Oculus virtual reality headset owners won’t be able to delete their connected Facebook account without losing games, apps, and more.
The Oculus Quest 2 recently released, and with it came a new and refreshed opportunity for wireless virtual reality experiences on-par with PC VR. Oculus/Facebook soon announced that new buyers of Oculus products would need to register and connect a Facebook account to their devices in order to use them.
This information hasn’t been taken entirely well by the gaming community, and it seems with good reason, as some Oculus Quest 2 buyers have reported losing access to their device entirely after their accounts were disabled by Facebook. Now even more restrictions are coming to light, as it’s been revealed that anyone who connects an Oculus headset to a Facebook account and later deletes the account will lose just about everything on their Oculus.
To be clear, Oculus owners who purchased their headsets prior to the Quest 2 launching don’t need Facebook accounts – yet. Starting in 2023, this will change, and all users with Oculus accounts will be required to migrate to Facebook accounts in order for the headsets to work. While it was known that users would lose access to their apps if Facebook suspended their accounts, now it has come to light that anyone who connects an account and subsequently deletes it will lose access to their apps, purchases, credits, achievements, and any messages sent utilizing Messenger.
This is undoubtedly upsetting news for some early adopters of the new device. Deleting a Facebook account will effectively brick the Oculus Quest 2 (and any other Oculus headsets starting in 2023), nixing data and rendering it incapable of accessing the Oculus App store. Facebook hasn’t detailed any method at this time for restoring apps and data in the event of any accidental account deletions.
For now, Facebook doesn’t seem to be budging on its policies. This has led to the sales of the Oculus headsets being paused in Germany, as the country’s officials have questioned the legality of requiring sharing personal data with Facebook in order to access the units.

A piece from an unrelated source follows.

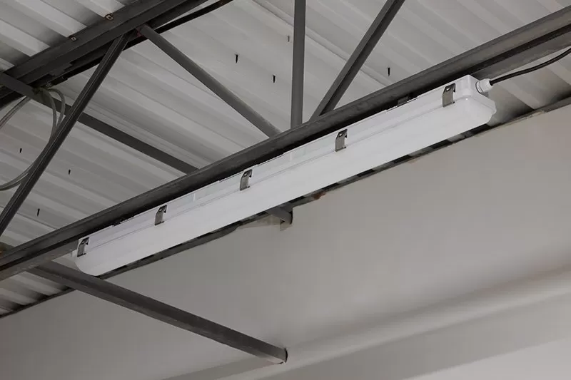 The NSF certified 4ft LED Vapor Tight Strip Light with selectable wattage and CCT is an innovative solution for harsh, damp environments. This durable fixture has a tight seal that prevents water, dust, and other particles from entering. The selectable wattage and CCT allow you to customize the light output, up to 6,500 lumens at 50W, and color temperature based on your application. An impact-resistant polycarbonate lens, lack of hazardous materials like mercury, and DLC premium 5.1 energy efficiency make this a safe and environmentally friendly choice. Use this versatile NSF certified vapor-tight light for wet location lighting applications, including food processing plants, hospitals, laboratories, healthcare facilities, industrial kitchens, paint booths, laundromats, and car washes.

For now, there isn’t much Oculus owners can do except to keep an eye on the situation, unless they decide they no longer want their headset and are still within their 30-day return window. Plenty could change between now and 2023, so those who picked up their headsets prior to this rule being put in effect may see the situation change entirely in the next few years, especially if other governments choose to step in. While Facebook is standing firm for now, as more virtual reality devices are produced, the requirement could ultimately drive customers to Facebook’s VR competitors.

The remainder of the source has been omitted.